Collaborative effort and implications for neuropharmacology
This work was a multidisciplinary collaboration across Auburn University’s College of Science and Mathematics, the Harrison College of Pharmacy, the Center for Neuroscience Initiative, and participating students and private researchers. The team highlights how combining pharmacology and neuroscience can reveal actionable mechanisms and identify candidate therapies for neurodegenerative disease.
While animal model results cannot be directly extrapolated to humans, these findings reinforce the idea that early intervention targeting glutamate dysregulation may be a promising strategy for slowing Alzheimer’s progression. The authors call for additional preclinical studies to define optimal dosing windows, long-term outcomes, and potential translation to clinical trials.

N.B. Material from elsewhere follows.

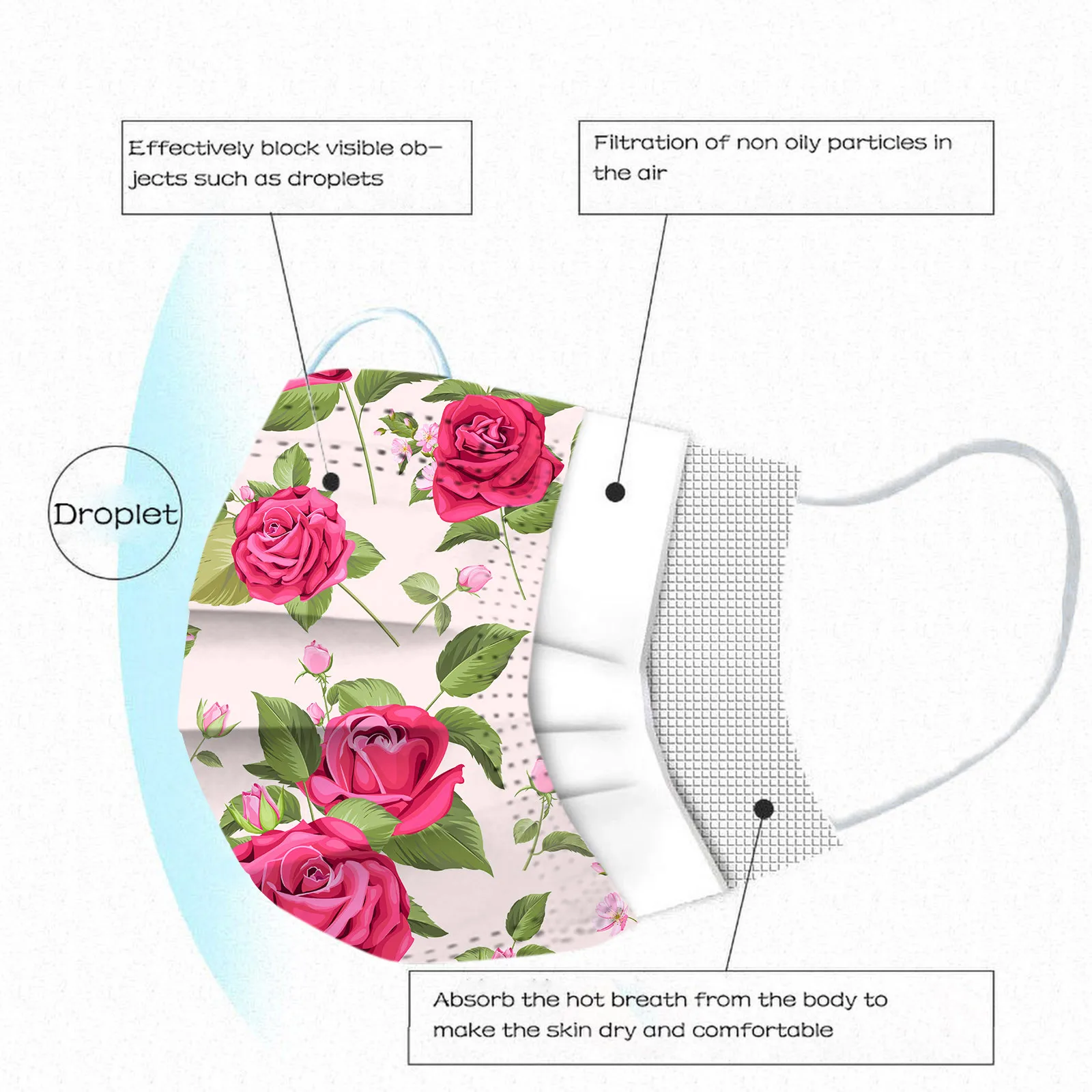 10-100 вещи, Цветочная расцветка, одноразовая маска для взрослых Mascarillas Desechable 3ply фильтры маска для лица с модным принтом для женщин Человек Маски со ртом для лица

About this neuropharmacology and Alzheimer’s disease research news
Author: Mary Prater
Source: Auburn University
Contact: Mary Prater – Auburn University
Image credit: Neuroscience News
Original Research: Closed access. “Troriluzole rescues glutamatergic deficits, amyloid and tau pathology, and synaptic and memory impairments in 3xTg-AD mice” by Michael Gramlich et al., Journal of Neurochemistry.
Abstract (concise)
In Alzheimer’s, early-stage pathology is linked to excessive glutamatergic synaptic activity and presynaptic dysfunction. Using the 3xTg-AD model, this study found increased presynaptic VGlut1, elevated glutamate release, and an expanded synaptic vesicle pool. Treatment with the glutamate-modulating prodrug troriluzole reduced VGlut1 expression, lowered basal and evoked glutamate release, and reversed memory and synaptic deficits in treated mice. These results suggest presynaptic glutamatergic alterations are early, targetable events in Alzheimer’s and support continued investigation of glutamate-modulating therapies such as troriluzole.